Your conversation partner will come to view you as someone they can bring up any topic with. You are approachable, open, and trustworthy. There are a few more general tips I would throw in on top to really drive this home:

  1. If your partner is really lighting up, stay on the topic for a while until it stalls. Be brave enough to let silence hang for a second, allowing your partner to take the lead.
  2. After a topic change, watch for if they're comfortable with the new topic. Did they stop talking? Are they still engaged? If they seem uncomfortable, finish up what you were saying and move on.
  3. Once a topic has passed, don't dredge it back up. This can be difficult when you find you're grasping at straws. Move forward to cover more ground, not back. How do you bring up a topic that's not very related? "That reminds me of X" or "I don't know why, but this makes me think of Y"
  4. Meet in as many different environments you can. This is the physical version of covering a lot of topics. It will feel more natural seeing you in new environments.
  5. Reserve judgment on anything - whether it be on your conversation partner or random people.
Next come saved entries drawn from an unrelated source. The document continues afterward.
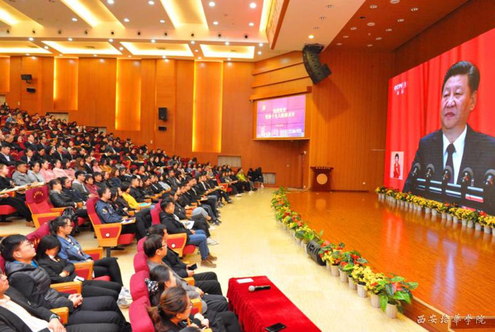 活动现场吸引来了陕西日报摄影记者杜玮专题采访,用镜头记录下了培华师生聆听报告、感悟十九大的真实场景。
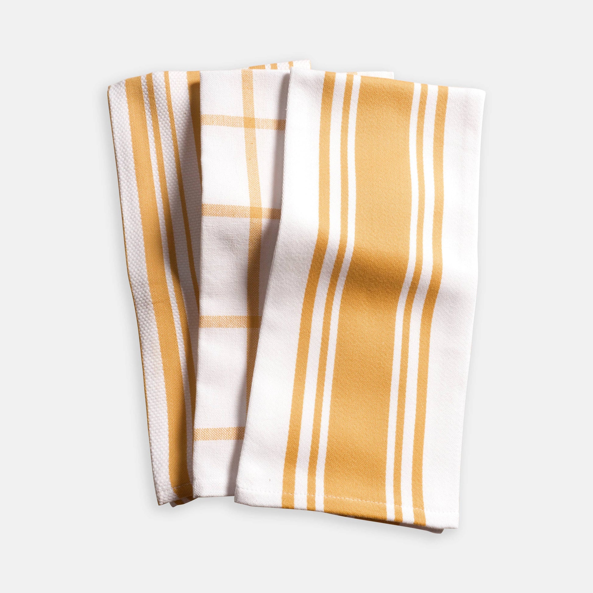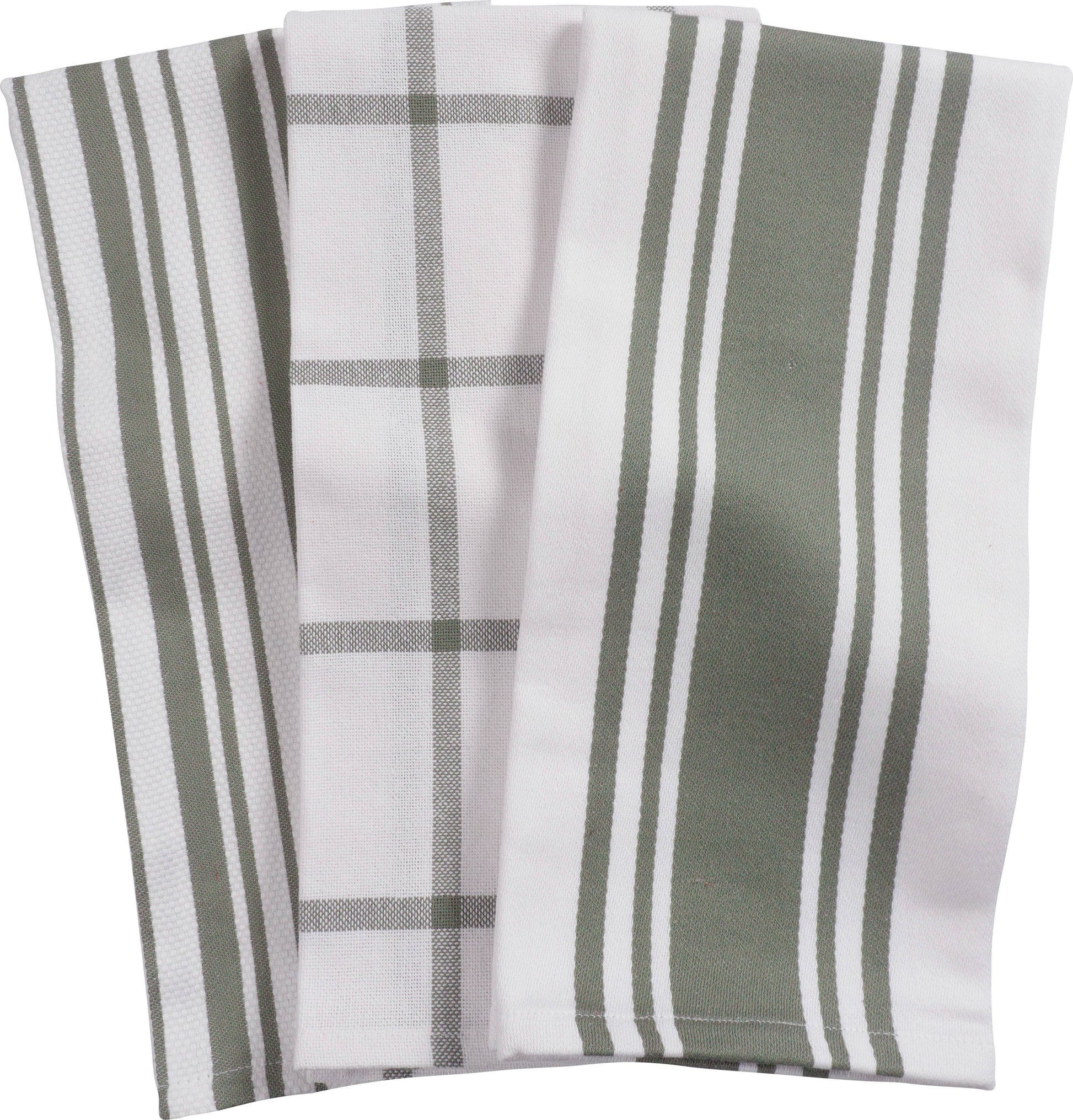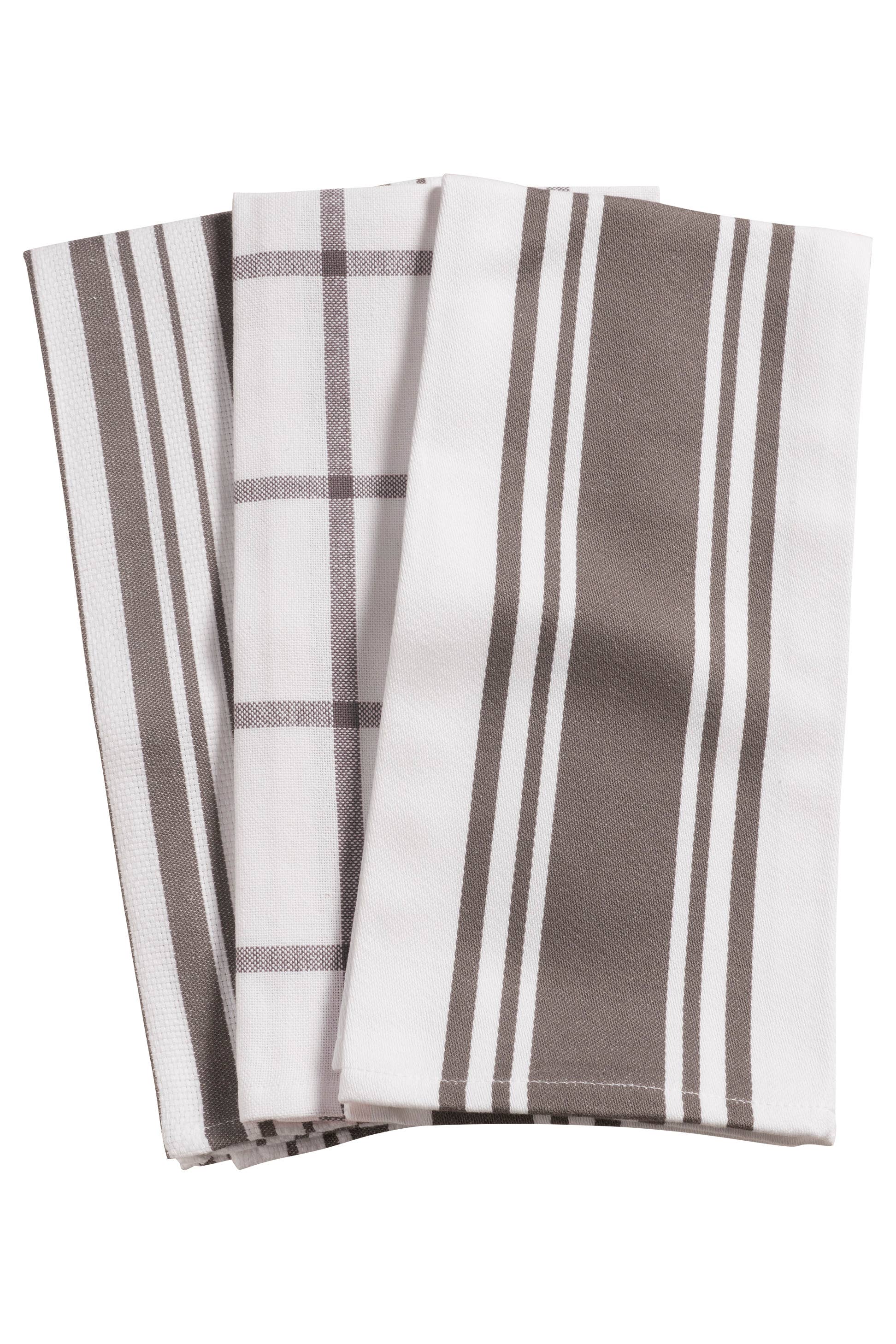 This combination set of three kitchen towels features one center band towel, one windowpane towel, and one basket weave stripe towel.
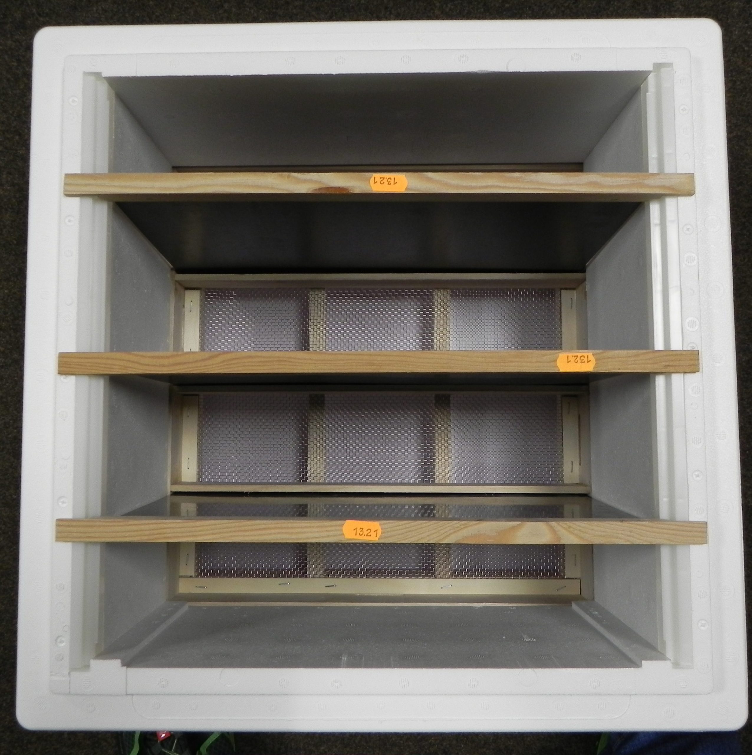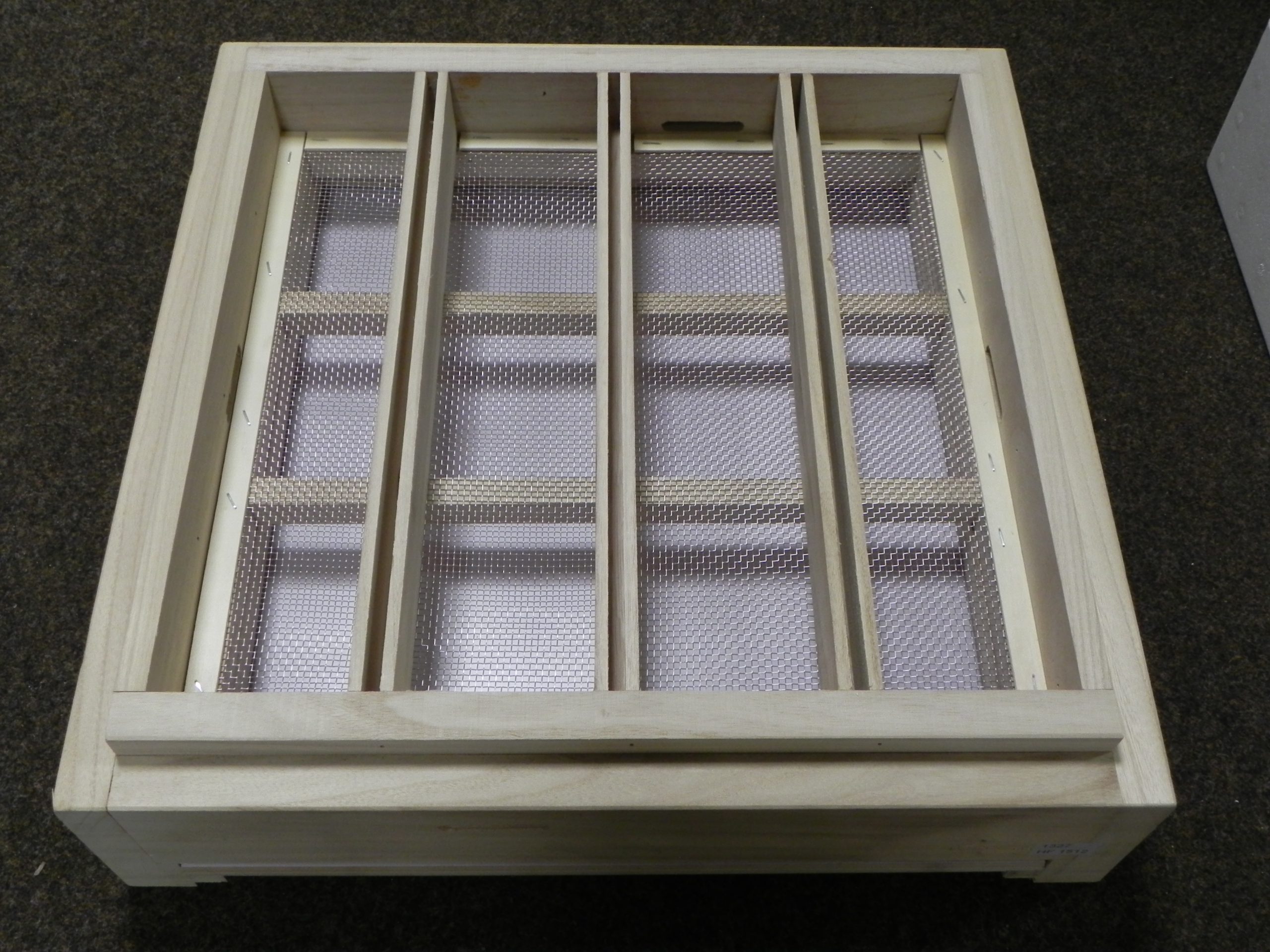 Aus astfreiem Massivholz, mit Edelstahl Varroagitter, Bodenschieber und vier Fluglöchern.
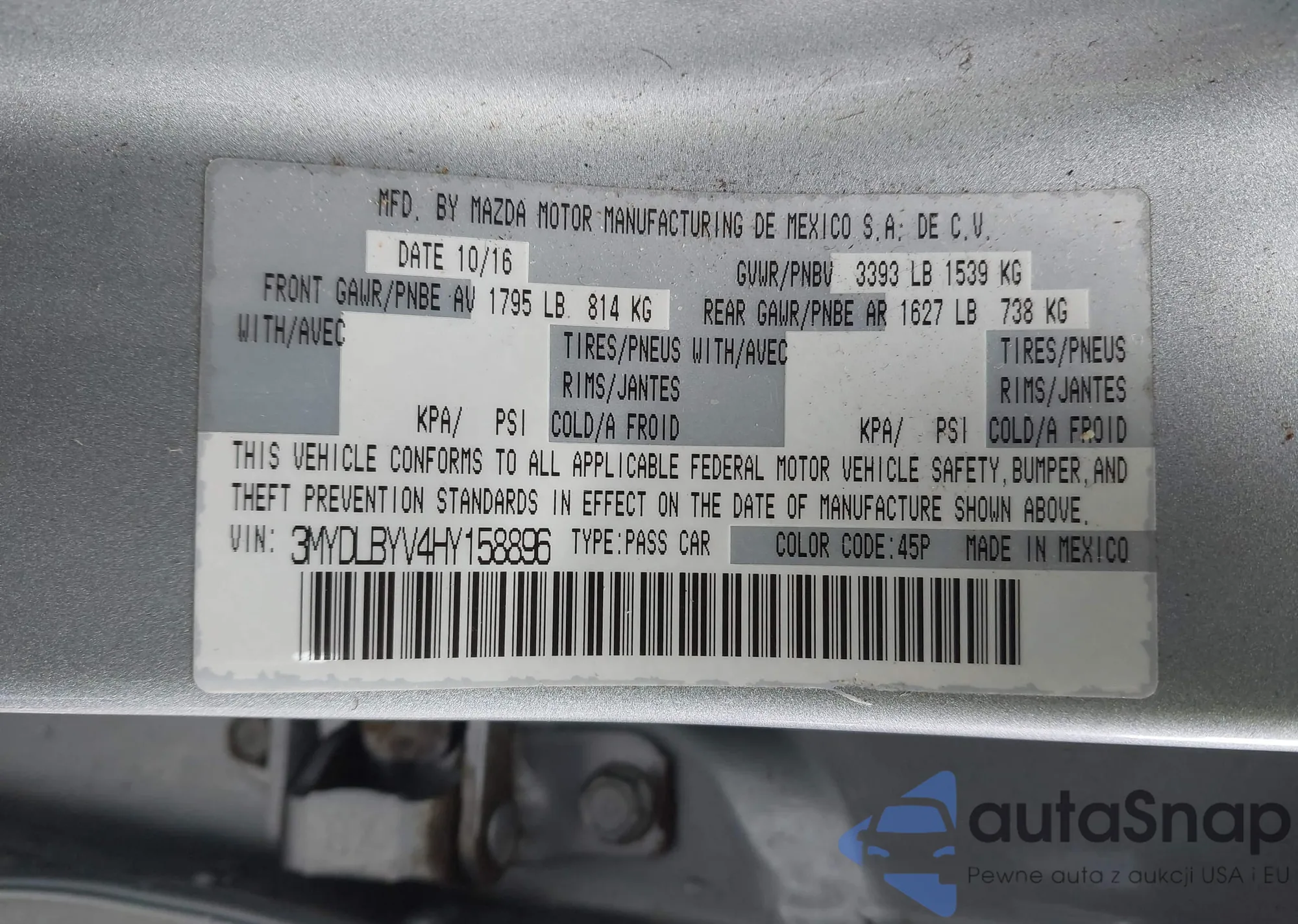 The car Toyota Yaris 2017 (VIN 3MYDLBYV4HY158896) has documents that prevent registration. Export and registration may be difficult. Contact AutaSnap experts to find alternatives.
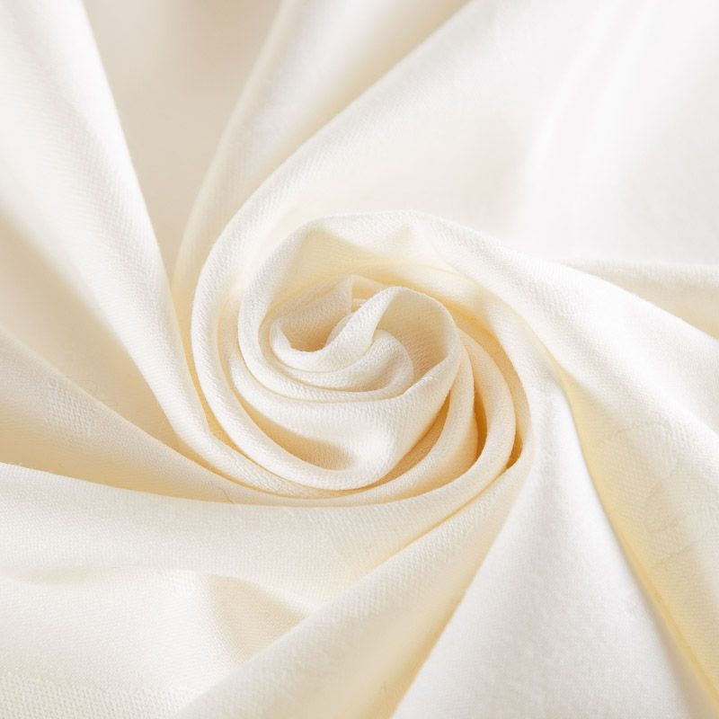 Итальянская костюмно-плательная шерсть в сливочном оттенке с жаккардовым плетением. Ткань отлично держит форму, не тянется.
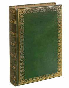 Un volume in-8°, plein maroquin à grain long vert Wimbledon, large frise romantique dorée encadrant les plats, dos lisse orné de fers romantiques, chainette dorée déroulée sur les coupes, coins guillochés, frise feurie dorée sur les chasses, toutes tranches dorées, tranchefle rose, blanche & prune, garde de papier kaki, signet de soie rose ( reliure de l’époque ).
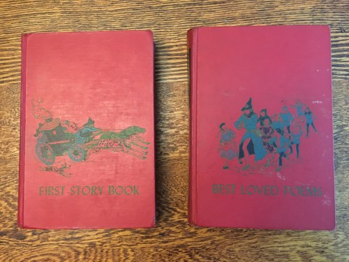 Those books, especially Best Loved Poems and First Story Book, included gems like “Wynken, Blinken, and Nod” and “The Velveteen Rabbit” and “Stopping by Woods on a Snowy Evening.” And when I had children, I spent seventeen years reading out loud, from the red books and You Can Name One Hundred Trucks through all nine Harry Potters and into Something Wicked This Way Comes.
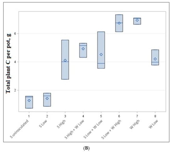 Total nitrogen (A) and carbon (B) content per pot in g.
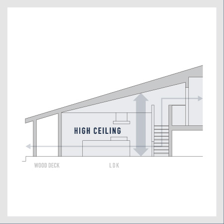 各部屋が廊下を介さず直接つながるから、空間にゆとりのあるプランニングが可能。また、2Fフロアがないため高い吹き抜けなど、天井の高さも思いのままに。平屋ならではの余裕のある空間は、快適な時間の流れを演出します。
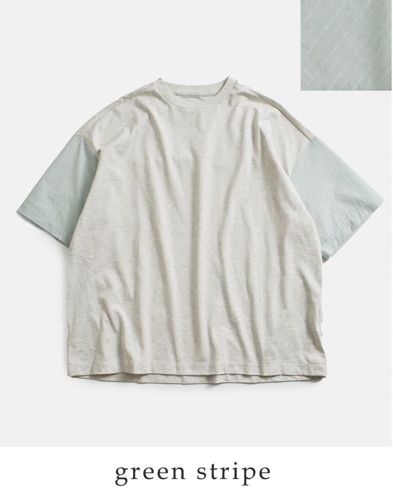 身頃には柔らかなカットソー生地、袖部分には薄手のシャツ生地を使用した切り替えデザインが特徴です。
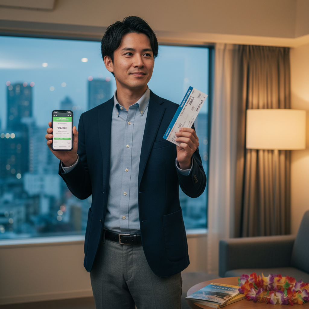 貯まったdポイントはJALマイルに交換可能だ。これなら、日々の仕事(通信)と生活(コンビニ)のすべてが、ハワイへのビジネスクラスチケットに直結する。私は震える指先で、自分名義の申し込みボタンを押した。
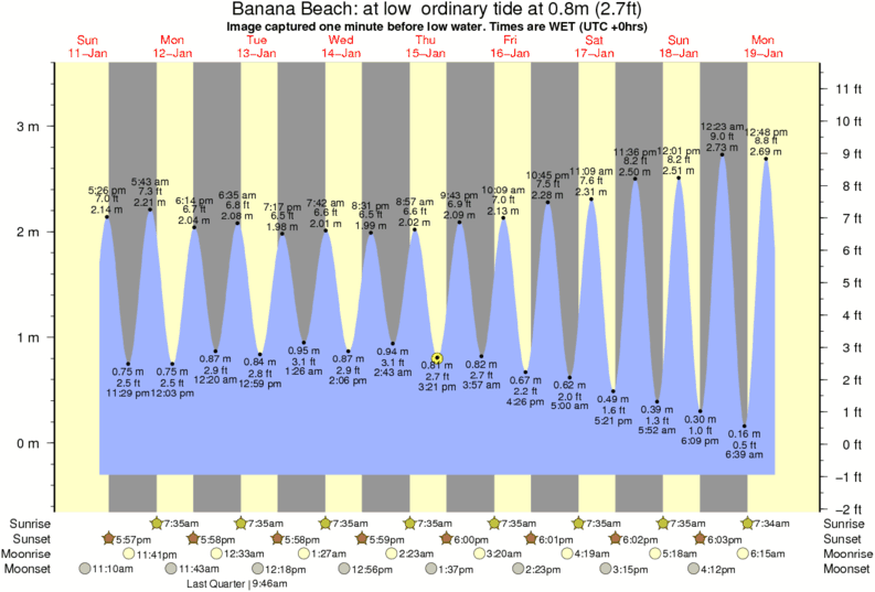 Forecast wind and swell just offshore from Banana Beach around the time the photo was taken

Nothing clams people up more than the fear of being judged.
  6. Tell stories that you heard or from your past; avoid constant interviewing.
  7. Reciprocity; Share something personal, and give them the opportunity to share something back.
  8. Fractionation; 2 steps forward, 1 step back. Follow this with your sharing and it will be difficult to overshare. Be aware that a step should be something a little smaller, like a pleasant story from your childhood. Nothing traumatic.
  9. Throw out opinions on things. "I'm not a fan of the blazer and V-neck combination." Sure, it's random, but it will usually drive the conversation with them offering their opinion.
  10. Related to the last one: Nothing is embarrassing unless you allow it to be. Bad things happen to all of us. Learn to laugh at it and you'll lead a much happier life.
  11. Accept their opinions and perspectives as their truth. It may not mesh with yours, but it's equally valid.
  12. Gotta say, not a fan.
  13. Give them your attention instead of waiting for your turn to talk. By keeping your phone in your pocket, you'll already be leaps and bounds ahead of most people today.
  14. Say Yes to as many social offers as you can. This can be a self-fulfilling prophecy, as you'll get more offers to do things the more times you say yes. If you can't make an invitation, counter offer with either a reschedule or another activity altogether.
Follow these points and you'll be making friends all over the place. It should also be pointed out that this is more for the beginning of the friendship. If you've covered various topics and want to go deeper, feel free - they're guidelines more than steadfast rules. I'd be happy to expand on any of these points, but this post is getting unwieldy as it is. If you enjoyed it or want to know more, please comment and I would be happy to expand on whichever points you like!

One final point I'd like to make: The number one thing that matters for any relationship is the amount of time you dedicate toward it. As obvious as it should be: People spend time on what - and whom - they care about.

Editing Music: Weathered by Jack Garratt

*That's if you aren't looking for a purely functional friend. There's nothing wrong with deep rapport so long as that's what you want to get.